Odette tells the true story of Odette Sansom, played by Anna Neagle (“No, No Nanette”, “Maytime In Mayfair”), who was the first woman to be awarded the George Cross, in 1946, and the Chevalier de la Legion d’honneur. In fact she was the most decorated woman, and decorated spy, of any gender during World War II.
You would expect then that the story of this remarkable woman, who was imprisoned and tortured, brutally, by the gestapo, as well as her general exploits during the war, would make for an exciting, thrilling and sometime hard to watch film.
But sadly that’s not the case.

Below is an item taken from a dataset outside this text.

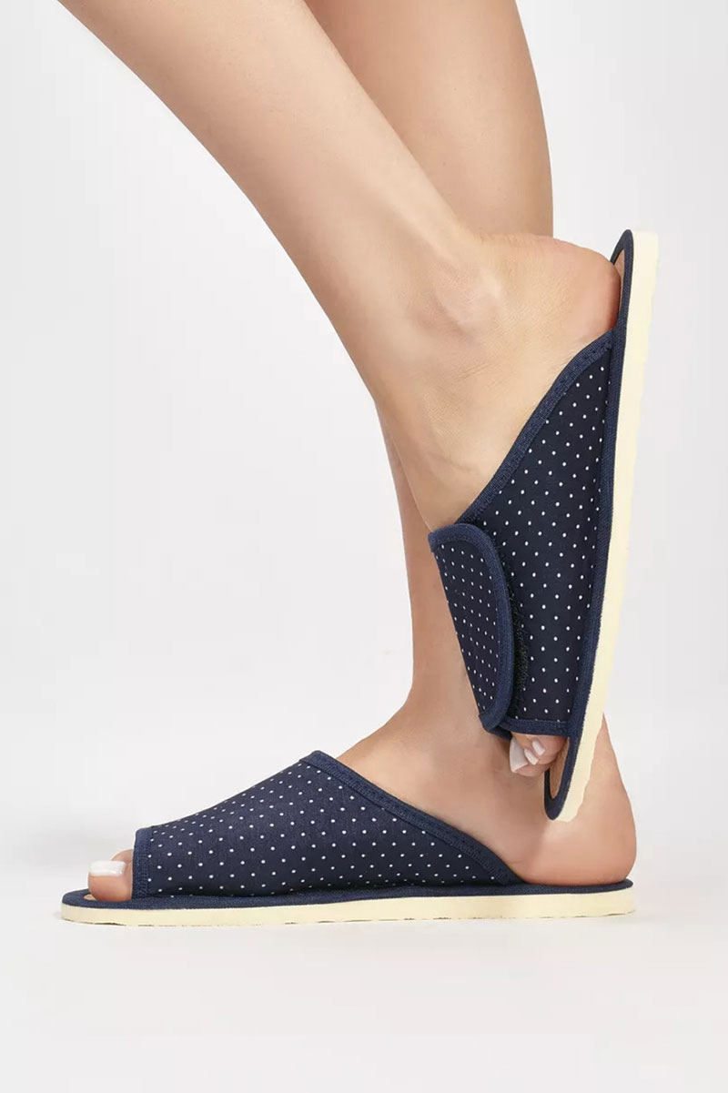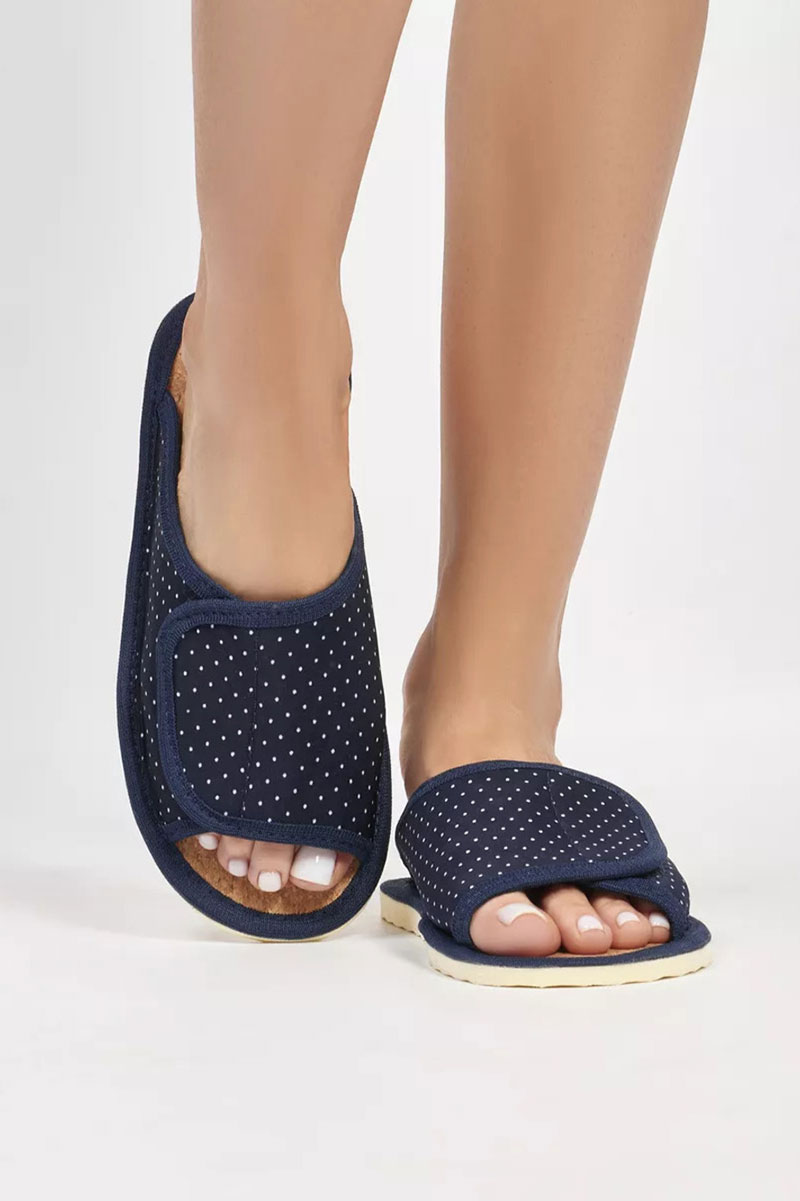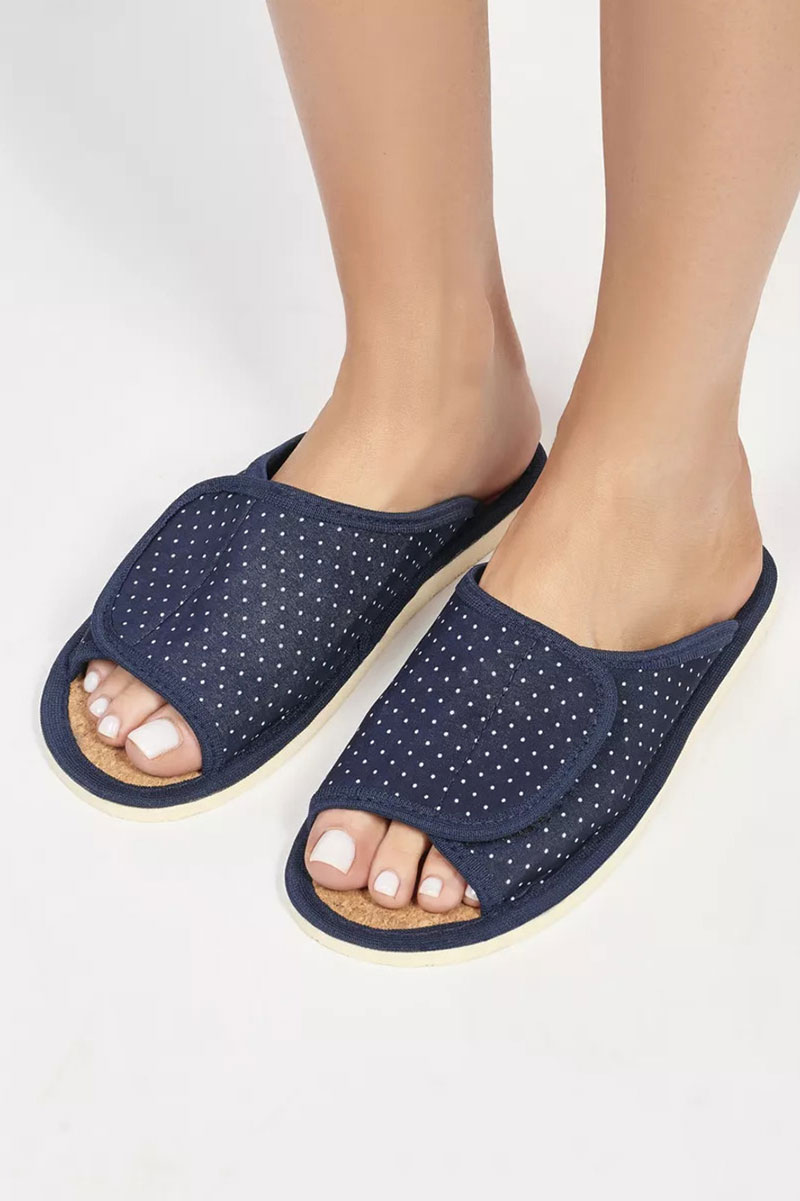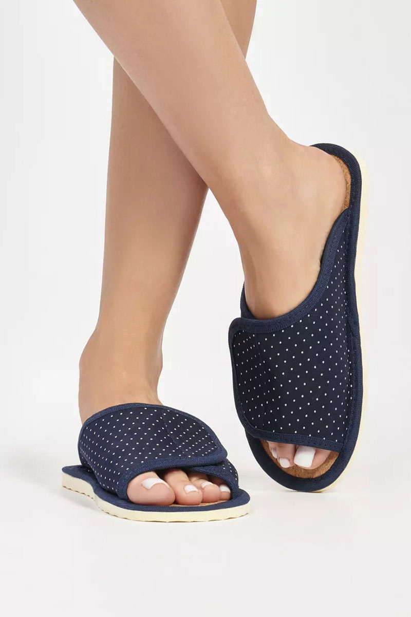 Представляем Вашему вниманию легкие домашние женские тапочки. Их можно предложить своим гостям, или взять с собой на отдых, в дорогу. А как приятно после тяжелого рабочего дня переобуться в тапочки с комфортной посадкой по ноге! Благодаря липучке они подходят на стопу с любой полнотой и подъёмом! Тапочки с открытым мыском не натирают ноги. Верхняя часть домашних тапок выполнена из качественного текстиля, который легко пропускает воздух. В таких тапочках нога не потеет и не скользит. Стелька выполнена из качественной пробки, благодаря которой их очень комфортно носить как с носком, так и на босу ногу! Они спасают от холодного и мокрого пола. Подошва изготовлена из ЭВА, это легкий, упругий, эластичный и износостойкий материал. Все швы качественно обработаны производителем. Классическая модель подойдет для носки в любое время года: в осенний, весенний и летний, в зимний период, будет удобна в качестве домашних комнатных, дачных или рабочих.

Odette is a slow affair, running at over two-hours, but yet appears to skip great swathes of Odette’s training and, whilst her imprisonment and torture is featured, it’s tame compared to what we see on screen these days.
There are some pretty ropey performances too, particularly from the “Germans”, look for the officers talking during and after the torture scenes, it’s like he’s desperately trying to remember his lines.
There are some good performances though, not just from Neagle, but also Trevor Howard (“The Third Man”, “Brief Encounter”) as her handler in France, and a young Peter Ustinov (“Spartacus”, “Death On The Nile”), as a spy.
As for the blu-ray, well, I’ll be honest, I don’t see the point in releasing (or buying) a blur-ray of a film that’s in 4:3 format and black and white, maybe that’s just me. You get a few extras: Those British Faces: Anna Neagle, New Interview with Sebastian Faulks, Interview with Odette Sansom from 1980 and footage of the actual wedding of Odette and her handler, Captain Peter Churchill (Howard).
It’s a real shame the movie doesn’t live up to the amazing story behind this woman and her exploits during the war. She deserves something much, much better than this.